The quantity of exudate input to soil appears to strongly mediate decomposition rates of plant residue by controlling the direction of the priming effect. Each step-increase in labile C addition significantly enhanced microbial CO2 respiration. Exudate concentrations in excess of 3.6 mg C g−1 appeared to promote competitive fungal and bacterial groups, leading to preferential substrate utilization and a negative priming effect. By contrast, exudate additions at concentrations of 0.7 mg C g−1 soil d−1 did not significantly enhance bacterial or fungal gene copy numbers, but triggered metabolic activity of the microbial community resulting in a positive priming effect. Future work should investigate how different types of root-specific compounds alter SOM decomposition, what the role of microbial abundance vs community structure is in these processes, and how different types on perturbations may influence these patterns across ecosystems.

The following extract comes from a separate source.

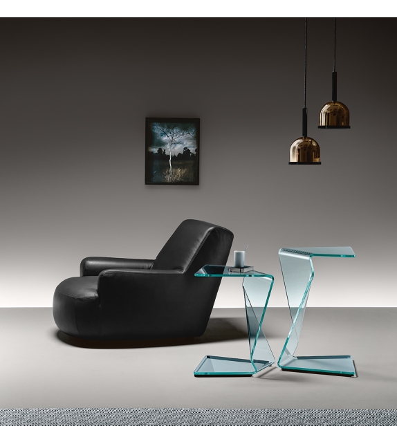 Sigmy von Aquili Alberg für Fiam entworfen, ist ein Couchtisch aus transparentem, extraleichtem, wolkigem oder black95 gebogenem Glas. Verfügbar in mehreren Größen.
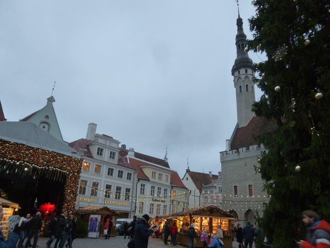 Jatkoimme vanhaan kaupunkiin joulutorin avajaisiin Raatihuoneenaukiolle. Menimme joulutorin ohi uudestaan illalla, jolloin joulukuusi valaistiin ja valot syttyivät kojuihin.

Joanne Childs, Scott Hawley, and Tyler Clement assisted with the laboratory work and analyses. Charles Garten Jr performed the residue quality and isotope analyses. Five reviewers provide invaluable feedback on this manuscript. This research was sponsored by the US Department of Energy, Office of Science, Biological and Environmental Research and conducted at Oak Ridge National Laboratory, which is managed by UT Battelle, LLC, for the US Department of Energy under Contract DE-AC05-00OR22725.